A green meadow, with a house and trees in the distance; a child stands in the foreground, with another figure beyond. Signed with the butterfly at lower left.
From 1899 to 1919
Charles Lang Freer (1854-1919), purchased from Goupil et Cie, London in 1899 [2]
From 1920
Freer Gallery of Art, gift of Charles Lang Freer in 1920 [3]
Notes:
[1] Undated folder sheet note, Object file. Also see Original Whistler List, Paintings, pg. 17, Freer Gallery of Art and Arthur M. Sackler Gallery Archives.
[2] See note 1.
[3] The original deed of Charles Lang Freer's gift was signed in 1906. The collection was received in 1920 upon the completion of the Freer Gallery.
1. Glazer, Jacobson, McCarthy, Roeder, wall label, 2019: In 1888 Whistler abandoned his mistress Maud Franklin and married Beatrice Godwin, the widow of his friend, architect E. W. Godwin.

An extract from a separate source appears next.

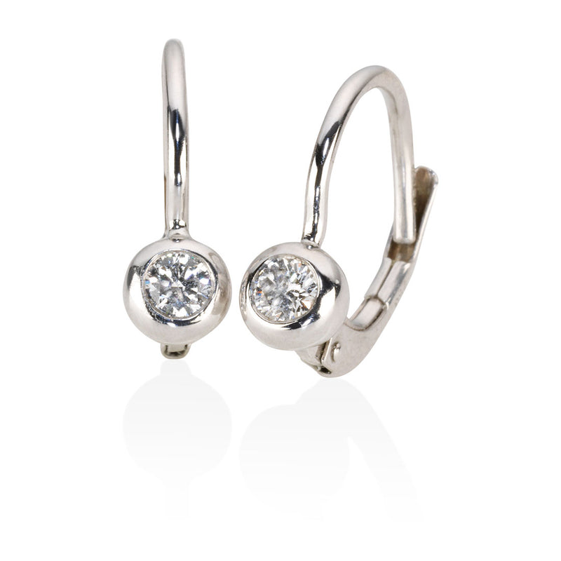 18ct White Gold Rub Set Round Brilliant Cut Diamond Drop Earrings with a Hook and Hinge Fitting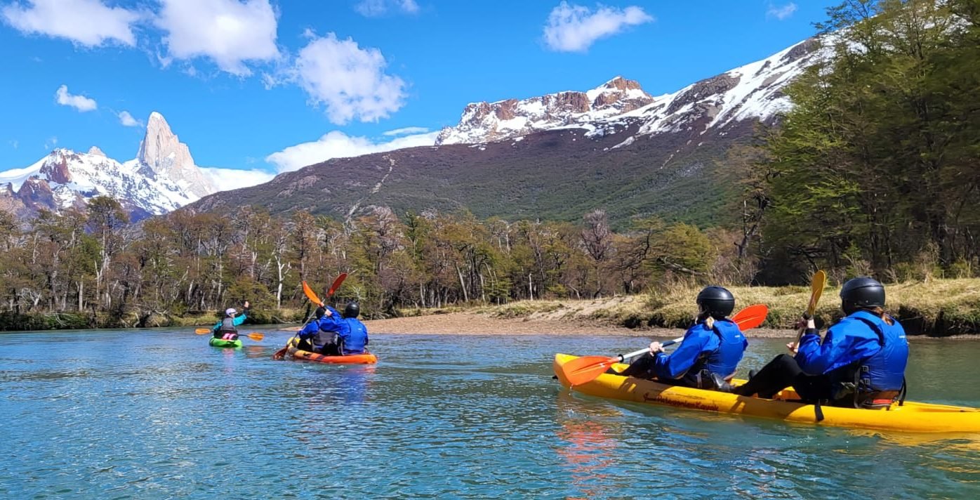 La experiencia de KAYAK inicia en la base operativa ubicada en El Chalten (Av. San Martin 872). Los guías entregan los equipos técnicos y de seguridad, necesarios para realizar la actividad. Según experiencia y disponibilidad el guía define quienes navegarán en sit-on-top dobles y quienes en kayaks de travesía simples que se destinan a quienes ya tienen experiencia.

The couple honeymooned in France, where the artist purchased fabric-covered boards that bear the stamp of art supplier E. Mary et Fils in Paris. While the boards were likely constructed for oil painting, Whistler experimented by using them for watercolor. He painted this landscape, and at least four others on boards, while the newlyweds toured the Loire Valley.
Selected Published References
1. Curry: James McNeill Whistler at the Freer Gallery of Art, Pg. 195 During the summer of 1888 Whistler spent time in the Touraine region of the Loire Valley, making a number of etchings which depict both genre scenes and tourist attractions. Just south of Tours, Beaulieu-les-Loches is on the right bank of the Indre River, only about a mile from Loches, where many of the etchings were made. Whistler painted what appears to be a country house in the vicinity. The child in the foreground is echoed by a tiny figure behind him, making a formal transition from the vast green meadow to the house in the distance. The composition began with dark clouds which were scraped away before Whistler painted the pinkish-gray sky. The use of a canvas support for a watercolor is unusual in Whistler's work.